## TASK PROMPT:
Below, some lines carry pictures; leave those pictures out and retype exactly the lines from the one with "而根據全球最大的A片網站Po" through the one with "Интерьер выдержан в".

## EXTRACTED DATA:
......

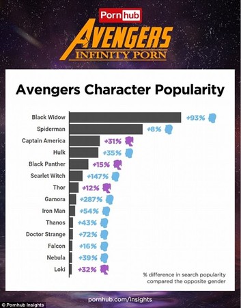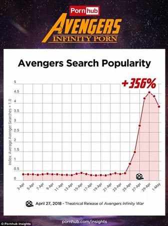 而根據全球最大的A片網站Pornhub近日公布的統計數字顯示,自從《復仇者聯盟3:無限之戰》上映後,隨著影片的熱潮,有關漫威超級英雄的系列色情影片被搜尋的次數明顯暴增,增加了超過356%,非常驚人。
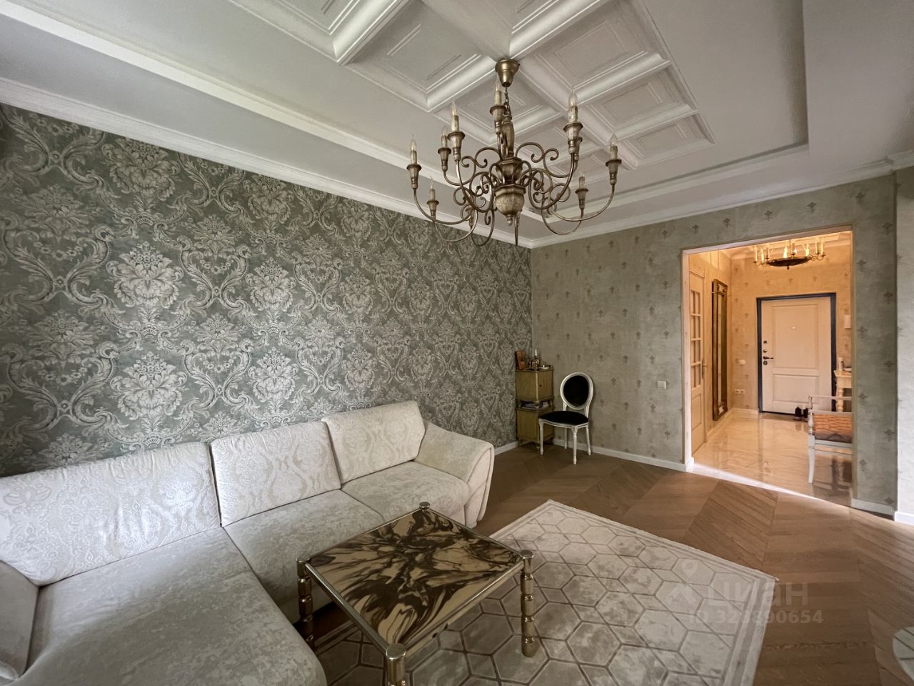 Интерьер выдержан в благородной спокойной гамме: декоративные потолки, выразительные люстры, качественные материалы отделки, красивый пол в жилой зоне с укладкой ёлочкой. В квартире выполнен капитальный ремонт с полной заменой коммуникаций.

......

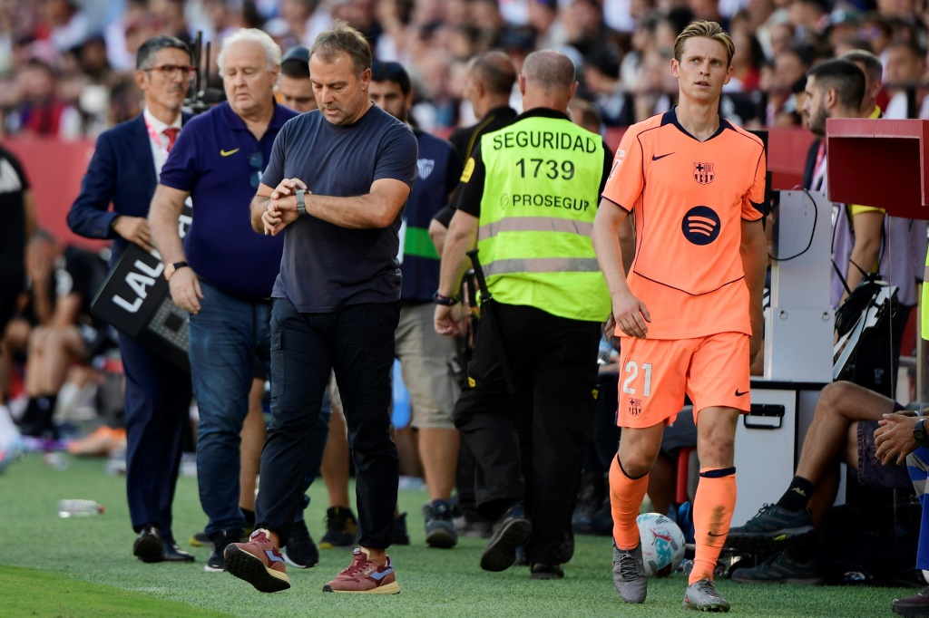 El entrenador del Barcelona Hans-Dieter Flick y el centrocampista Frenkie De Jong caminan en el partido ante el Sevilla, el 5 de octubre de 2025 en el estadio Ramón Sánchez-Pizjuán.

......

## ANSWER SECTION:
 而根據全球最大的A片網站Pornhub近日公布的統計數字顯示,自從《復仇者聯盟3:無限之戰》上映後,隨著影片的熱潮,有關漫威超級英雄的系列色情影片被搜尋的次數明顯暴增,增加了超過356%,非常驚人。
 Интерьер выдержан в благородной спокойной гамме: декоративные потолки, выразительные люстры, качественные материалы отделки, красивый пол в жилой зоне с укладкой ёлочкой. В квартире выполнен капитальный ремонт с полной заменой коммуникаций.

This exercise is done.